ABOUT THIS EXERCISE »
A faithful copy of the listing below is needed, with its pictures left out.

DATA FOR REVIEW »
---
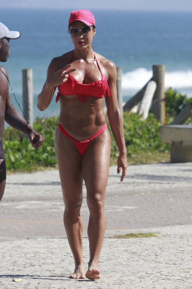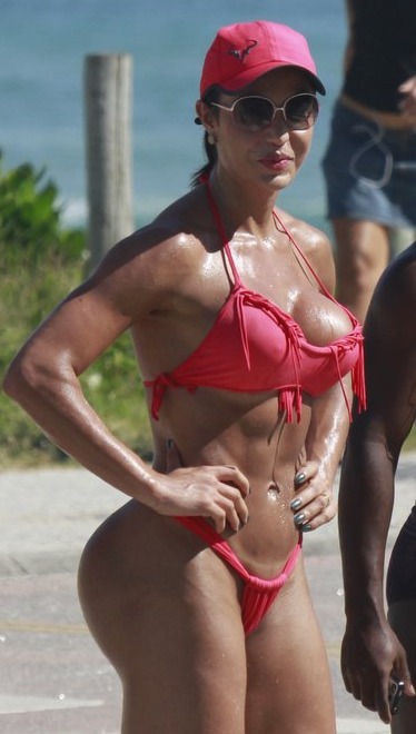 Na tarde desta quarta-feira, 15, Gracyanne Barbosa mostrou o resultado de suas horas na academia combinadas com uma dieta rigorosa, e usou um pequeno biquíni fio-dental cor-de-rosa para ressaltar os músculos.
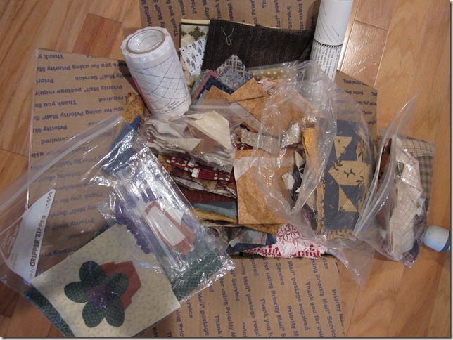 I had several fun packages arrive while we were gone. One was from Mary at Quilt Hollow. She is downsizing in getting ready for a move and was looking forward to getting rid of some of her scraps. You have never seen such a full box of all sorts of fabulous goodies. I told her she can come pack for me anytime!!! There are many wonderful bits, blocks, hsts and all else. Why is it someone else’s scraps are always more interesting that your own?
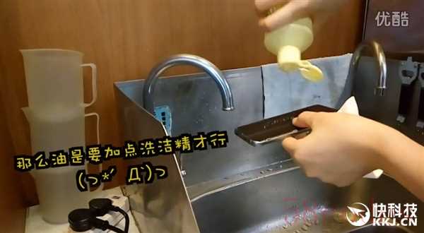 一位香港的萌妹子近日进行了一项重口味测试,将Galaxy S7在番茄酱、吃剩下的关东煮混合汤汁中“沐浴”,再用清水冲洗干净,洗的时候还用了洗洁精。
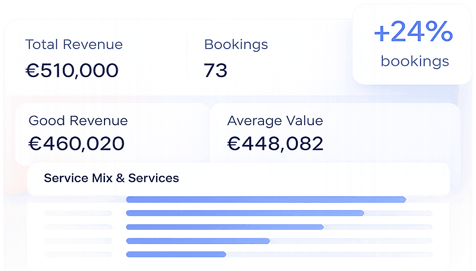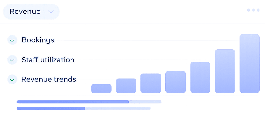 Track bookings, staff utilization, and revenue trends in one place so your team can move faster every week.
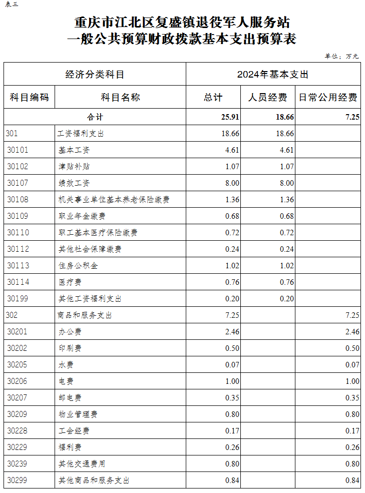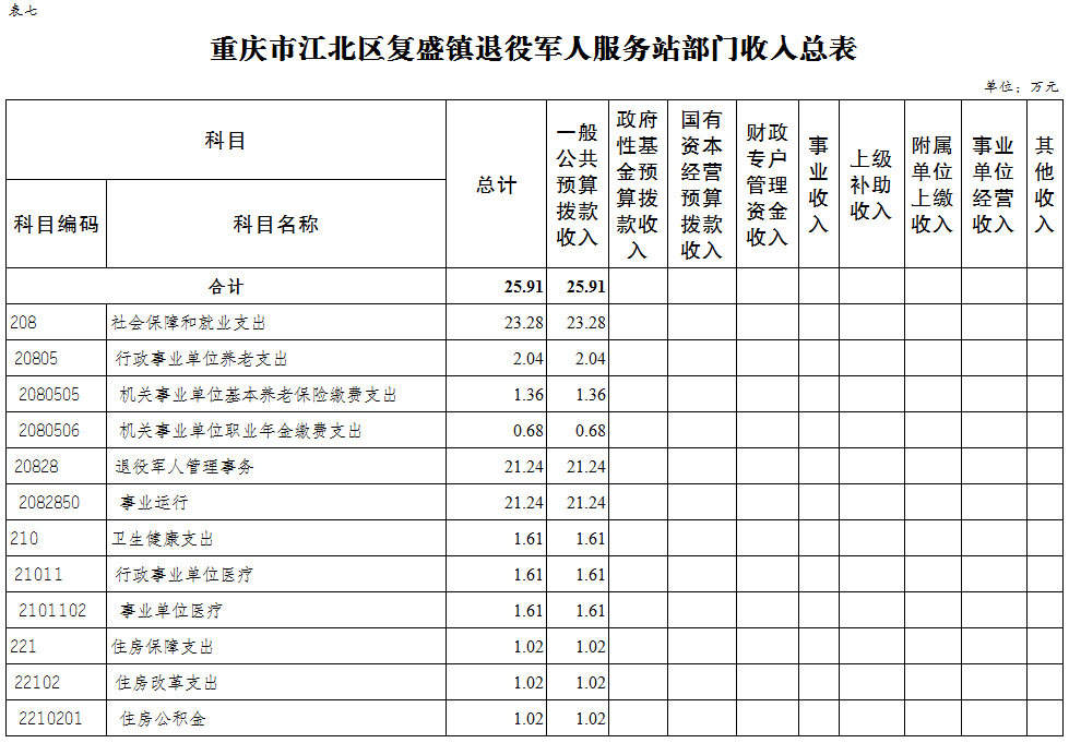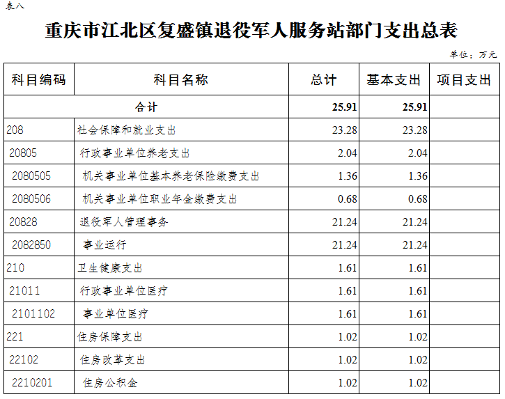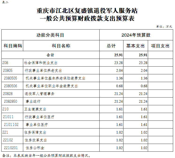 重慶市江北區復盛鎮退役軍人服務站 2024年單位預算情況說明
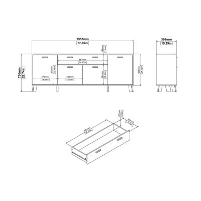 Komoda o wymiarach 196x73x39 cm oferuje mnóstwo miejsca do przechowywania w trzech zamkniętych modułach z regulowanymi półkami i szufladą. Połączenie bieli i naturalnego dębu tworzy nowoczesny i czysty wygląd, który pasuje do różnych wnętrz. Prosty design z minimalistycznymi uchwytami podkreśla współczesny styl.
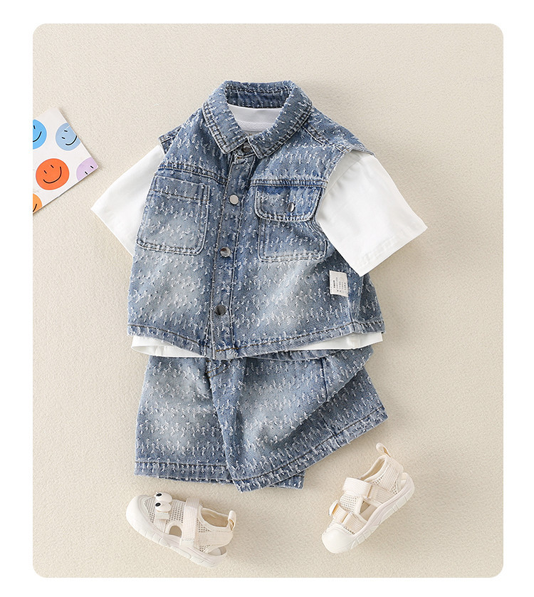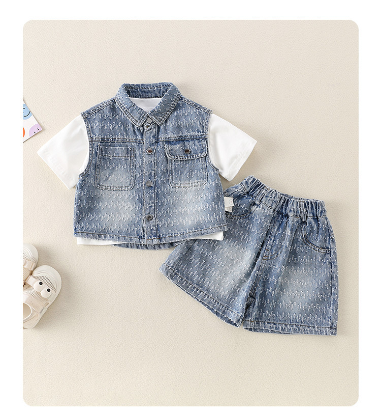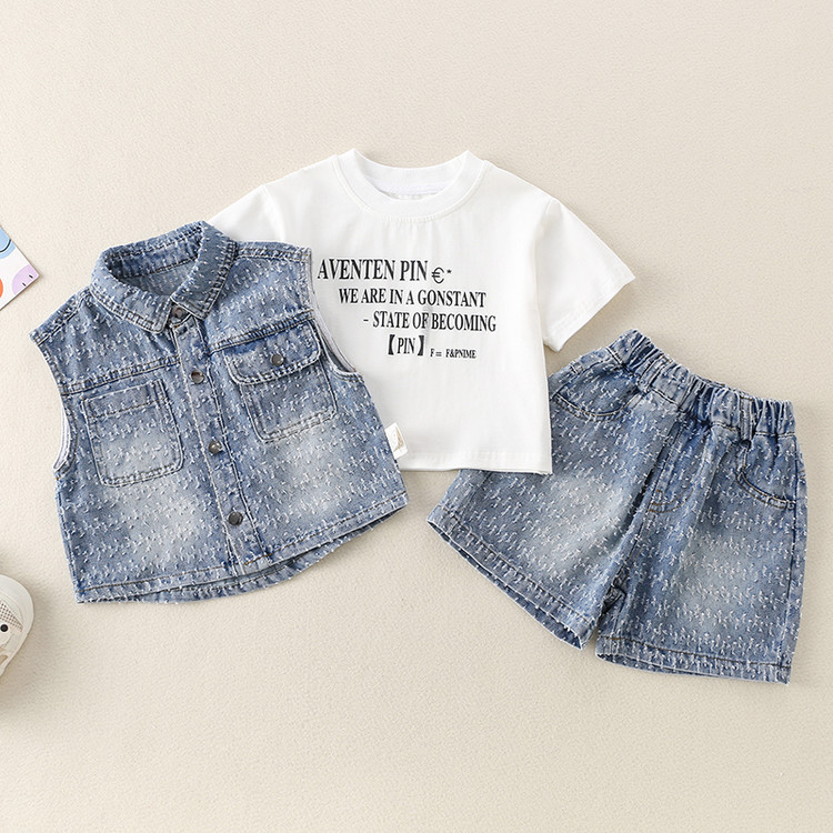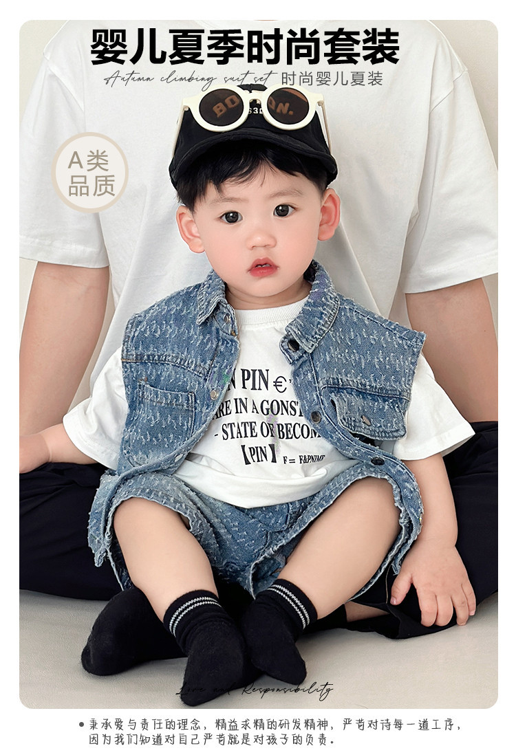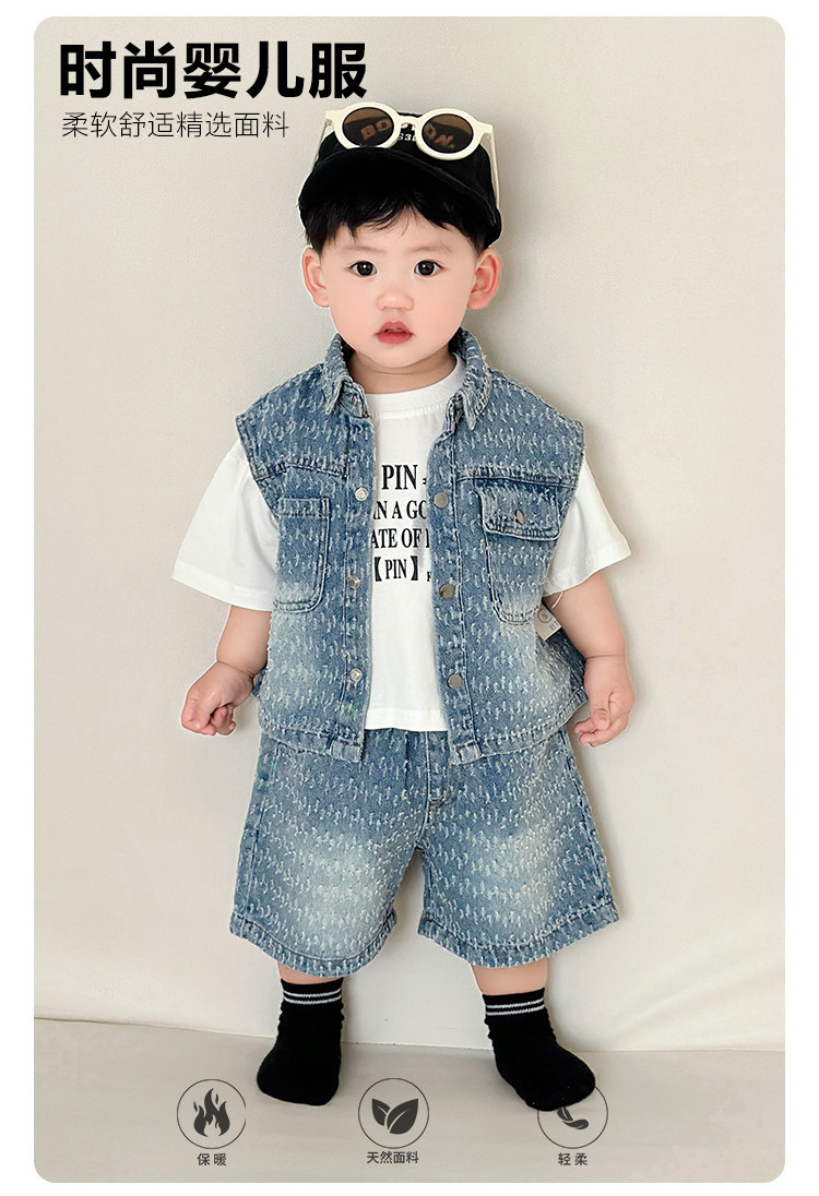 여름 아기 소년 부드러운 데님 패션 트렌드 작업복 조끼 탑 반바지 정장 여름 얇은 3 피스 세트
---
SOLUTION TO THE PROBLEM »
 Na tarde desta quarta-feira, 15, Gracyanne Barbosa mostrou o resultado de suas horas na academia combinadas com uma dieta rigorosa, e usou um pequeno biquíni fio-dental cor-de-rosa para ressaltar os músculos.
 I had several fun packages arrive while we were gone. One was from Mary at Quilt Hollow. She is downsizing in getting ready for a move and was looking forward to getting rid of some of her scraps. You have never seen such a full box of all sorts of fabulous goodies. I told her she can come pack for me anytime!!! There are many wonderful bits, blocks, hsts and all else. Why is it someone else’s scraps are always more interesting that your own?
 一位香港的萌妹子近日进行了一项重口味测试,将Galaxy S7在番茄酱、吃剩下的关东煮混合汤汁中“沐浴”,再用清水冲洗干净,洗的时候还用了洗洁精。
 Track bookings, staff utilization, and revenue trends in one place so your team can move faster every week.
 重慶市江北區復盛鎮退役軍人服務站 2024年單位預算情況說明
 Komoda o wymiarach 196x73x39 cm oferuje mnóstwo miejsca do przechowywania w trzech zamkniętych modułach z regulowanymi półkami i szufladą. Połączenie bieli i naturalnego dębu tworzy nowoczesny i czysty wygląd, który pasuje do różnych wnętrz. Prosty design z minimalistycznymi uchwytami podkreśla współczesny styl.
 여름 아기 소년 부드러운 데님 패션 트렌드 작업복 조끼 탑 반바지 정장 여름 얇은 3 피스 세트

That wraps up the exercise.